### Goal of the exercise
Write out only the lines from the top of the listing below through the one with "经济学院于2021年3月30", exactly as they stand, while keeping pictures out of the copy.
___
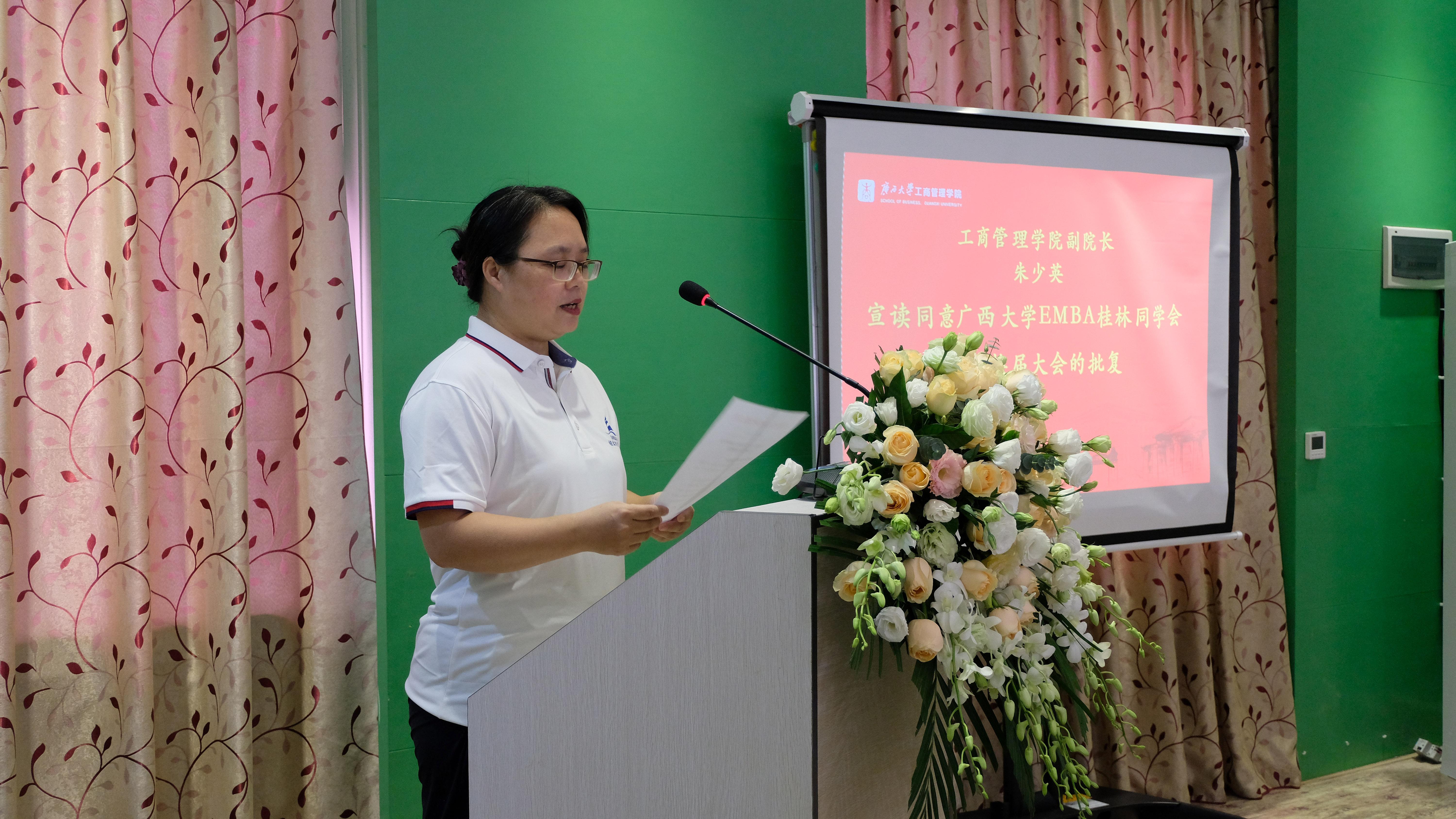 朱少英副院长宣读《同意allwincity万象城EMBA桂林同学会召开换届大会的批复》
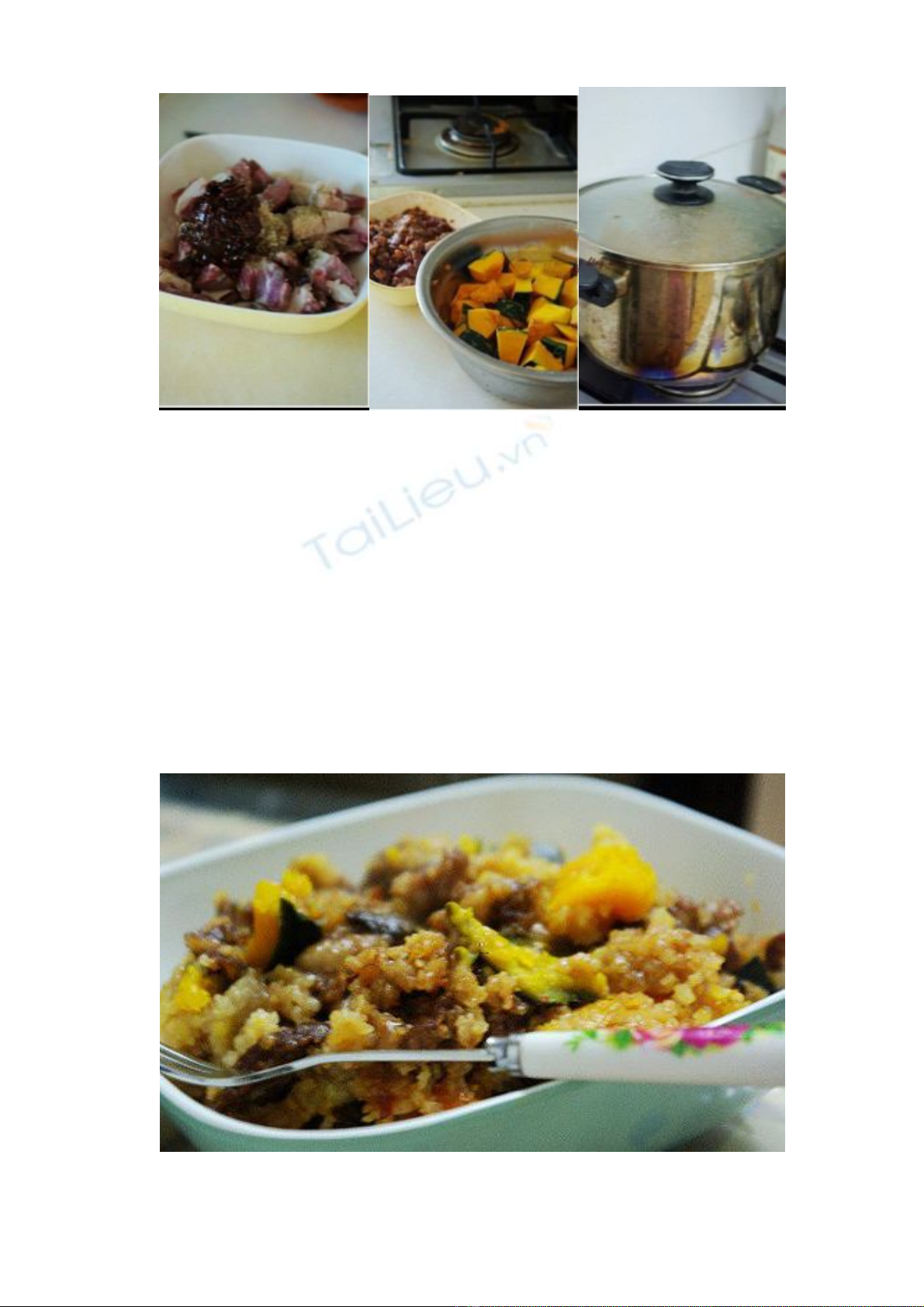 Cho âu thịt bò bí đỏ vào nồi hấp trong 30 phút
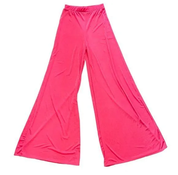 Y2K Pink Flare Pants Sz Medium (fit like a S/M) Bright pink Shimmer Semi sheer Wide leg flare Pull on trouser Stretchy waistband Long inseam Magia usa Preowned sold as is Minor pulls Y2K Barbie Boho Bohemian Western Chic Trendy Blogger Spring Summer Cottagecore Lagenlook Peasant Babydoll
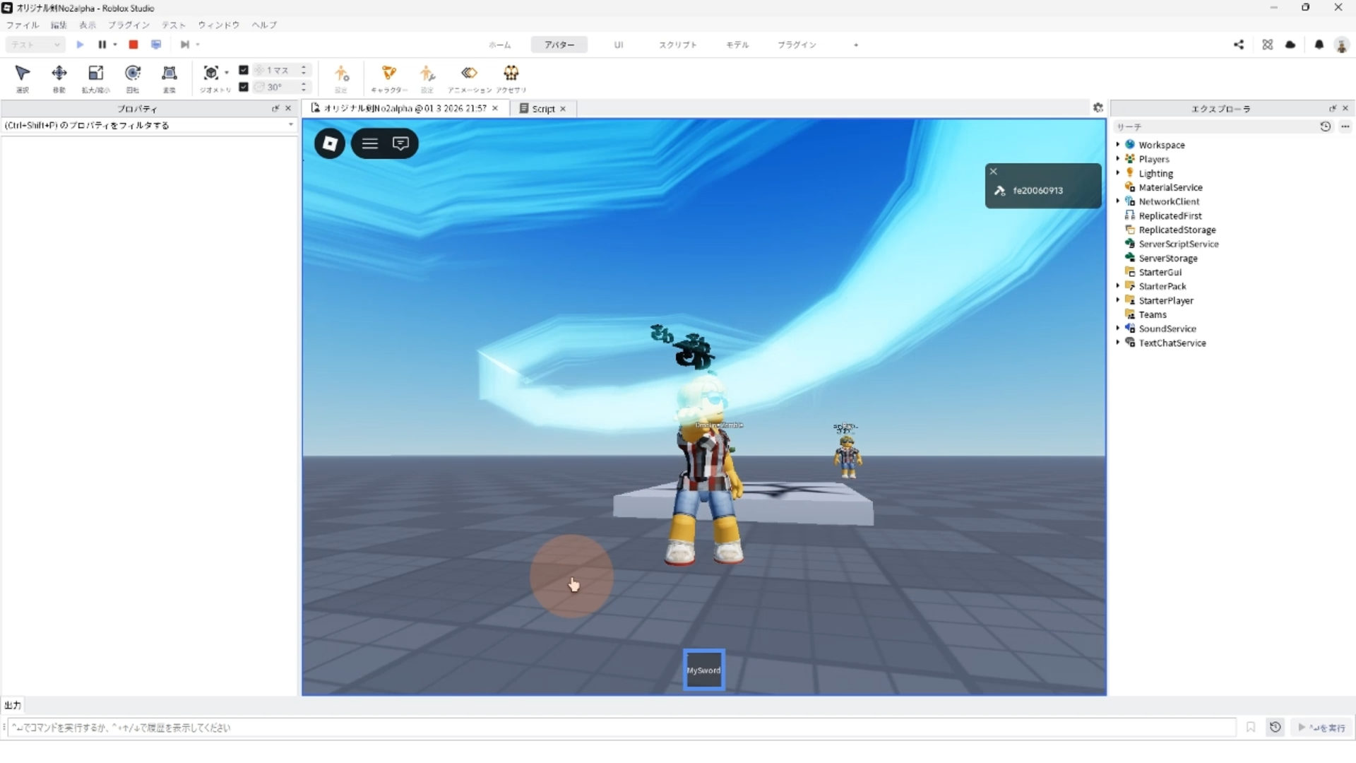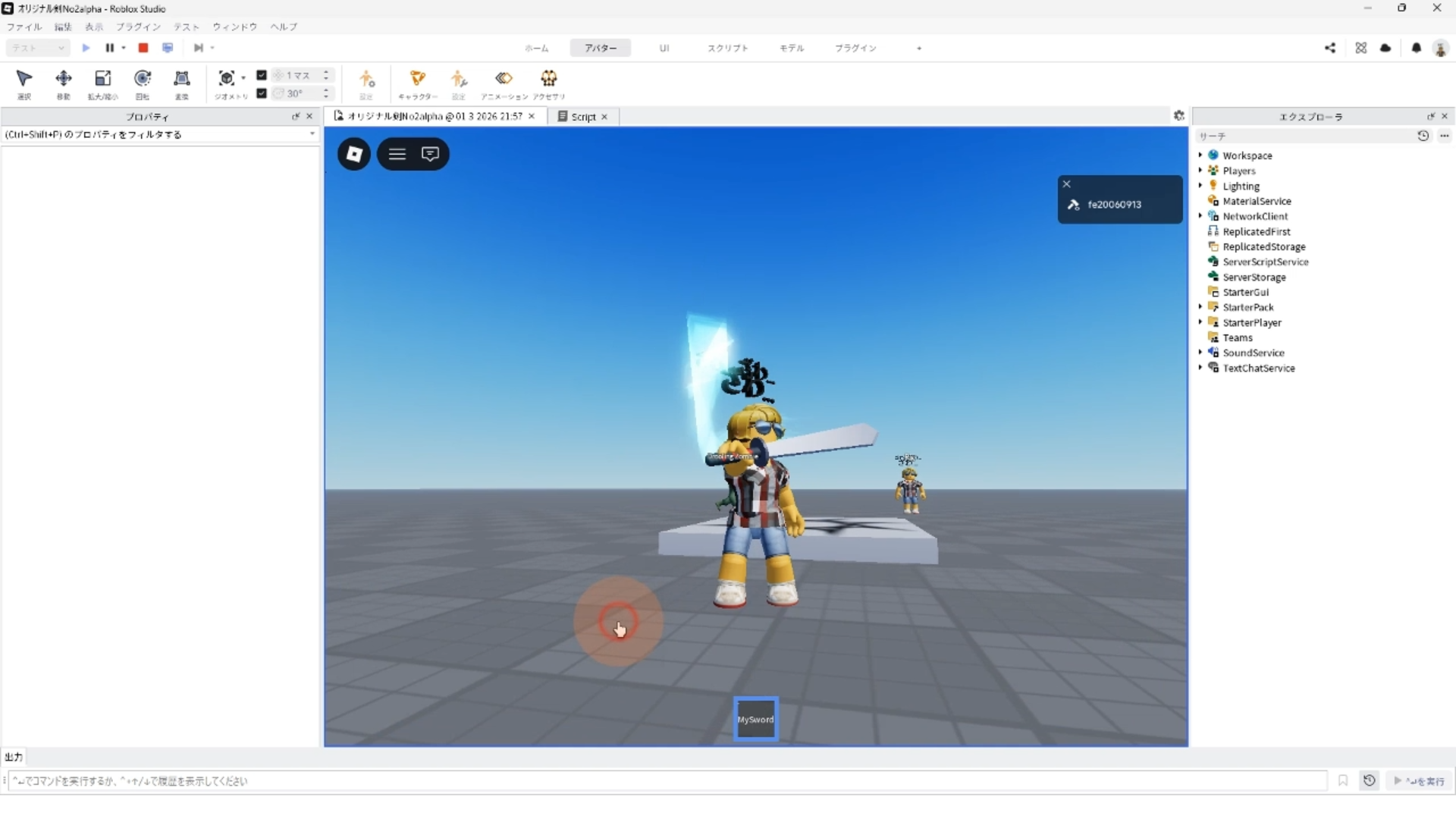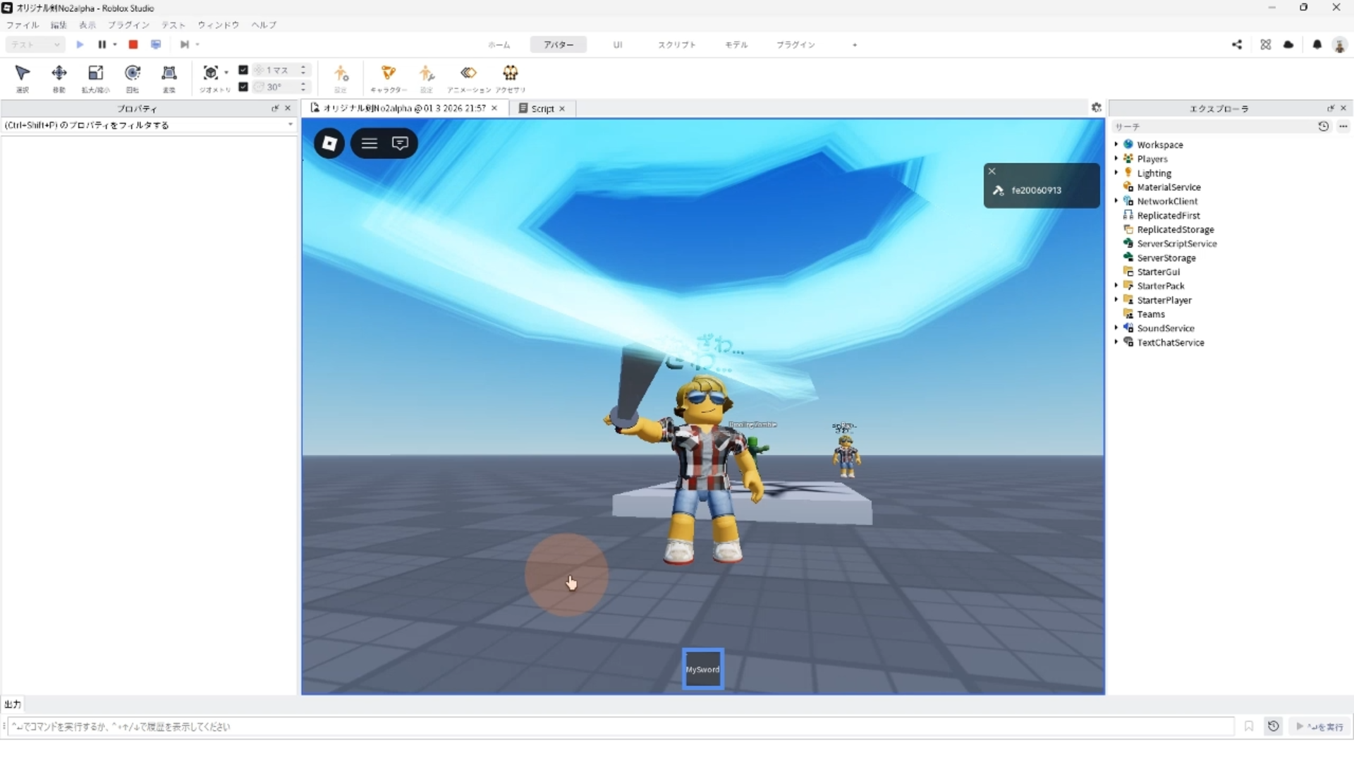 オリジナル剣を作ろうパート2で解説した、4.クリックした時のスクリプトを変更する
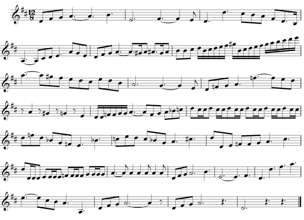 L'esercizio è in 12/8, è scritto in Re maggiore, con qualche sconfinamento dall'estensione alla quale siamo abituati. Ai fini del solfeggio ritmico non ci sono difficoltà. Per chi volesse tentare di solfeggiare l'esercizio leggendo il nome delle note, l'esercizio potrà rappresentare un'occasione per ripassare le posizioni delle note ed aggiungerne qualcuna in più.
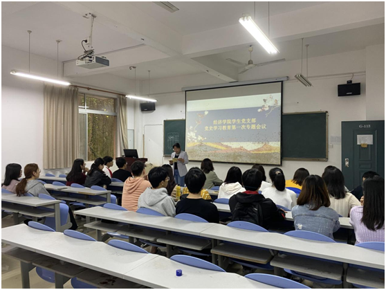 经济学院于2021年3月30日下午15:00在主教学楼G-113室举行了经济学院学生党支部党史学习教育第一次专题学习。会议由学生支部书记李军花同志主持,经济学院全体学生党员参加此次会议。
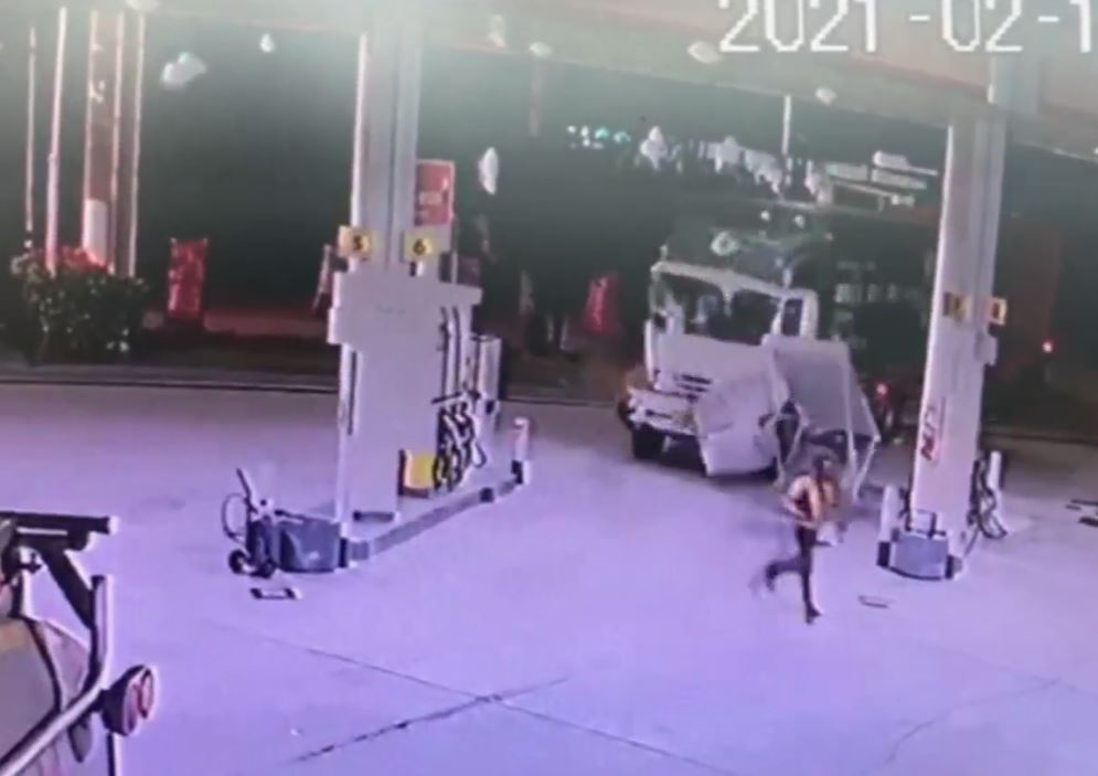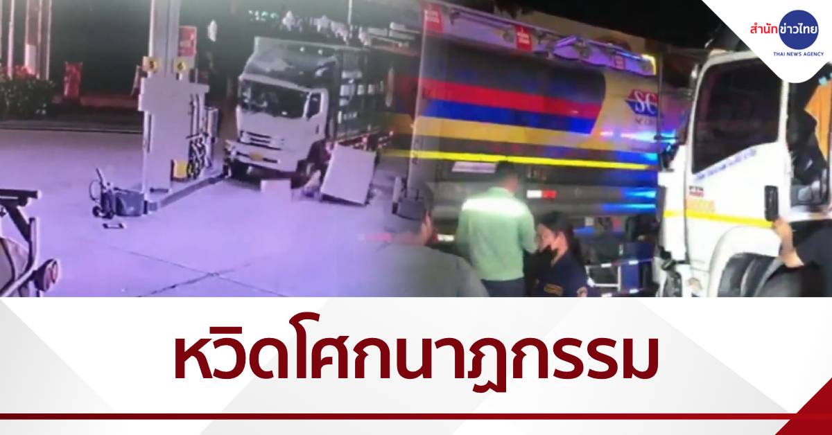 กรุงเทพฯ 10 ก.พ.-ระทึก! รถบรรทุกเฉี่ยวกันพุ่งทะลุเข้าปั๊ม ชนรถบรรทุกน้ำมัน หวิดเกิดโศกนาฏกรรมครั้งใหญ่
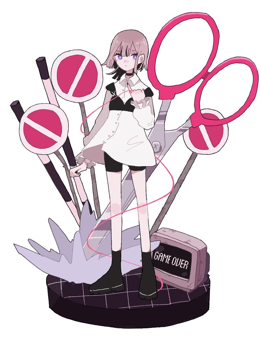 1girl :/ baka_janai_noni_(zutomayo) black_bustier black_choker black_footwear black_hair black_nails black_shorts boots bustier choker closed_mouth colored_inner_hair dress_shirt expressionless fingernails floating_clothes floating_hair highres multicolored_hair nira-chan nira-chan_(baka_janai_noni)_(zutomayo) pink_hair purple_eyes road_sign scissors shima_seaotter shirt shorts sign standing streaked_hair string string_of_fate television white_shirt zutto_mayonaka_de_ii_no_ni
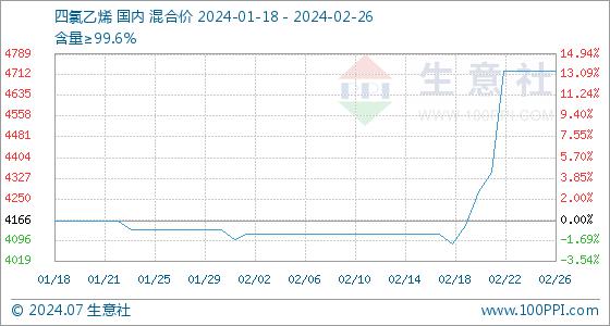 2月26日,生意社四氯乙烯基准价为4725.00元/吨,与本月初(4133.33元/吨)相比,上涨了14.31%。
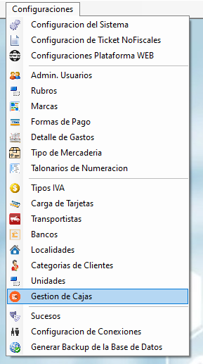 4- Ir al menu Configuraciones y seleccionar la opcion Gestion de Cajas
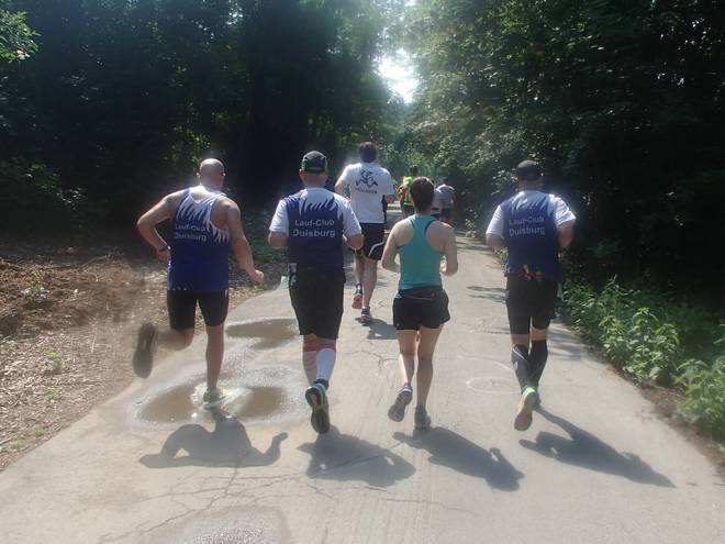 Rheinstraße 11.53 Uhr / Km 23,7 Ich war dem Zeitläufern nun etwas enteilt und hatte mich an diese Gruppe des Laufclub Duisburg angeschlossen. |
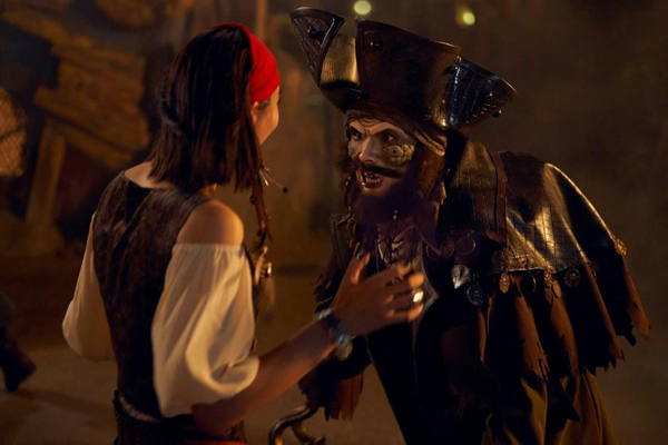 夜晚在“宝藏湾”的游客将发现,那儿被幽灵海盗们占领。《加勒比海盗5-死无对证》中的幽灵海盗们和船长萨拉查游走在“宝藏湾”的各个角落,在游客中寻找新的船员来加入他们的黑暗冒险。
___
### Solution to this exercise
 朱少英副院长宣读《同意allwincity万象城EMBA桂林同学会召开换届大会的批复》
 Cho âu thịt bò bí đỏ vào nồi hấp trong 30 phút
 Y2K Pink Flare Pants Sz Medium (fit like a S/M) Bright pink Shimmer Semi sheer Wide leg flare Pull on trouser Stretchy waistband Long inseam Magia usa Preowned sold as is Minor pulls Y2K Barbie Boho Bohemian Western Chic Trendy Blogger Spring Summer Cottagecore Lagenlook Peasant Babydoll
 オリジナル剣を作ろうパート2で解説した、4.クリックした時のスクリプトを変更する
 L'esercizio è in 12/8, è scritto in Re maggiore, con qualche sconfinamento dall'estensione alla quale siamo abituati. Ai fini del solfeggio ritmico non ci sono difficoltà. Per chi volesse tentare di solfeggiare l'esercizio leggendo il nome delle note, l'esercizio potrà rappresentare un'occasione per ripassare le posizioni delle note ed aggiungerne qualcuna in più.
 经济学院于2021年3月30日下午15:00在主教学楼G-113室举行了经济学院学生党支部党史学习教育第一次专题学习。会议由学生支部书记李军花同志主持,经济学院全体学生党员参加此次会议。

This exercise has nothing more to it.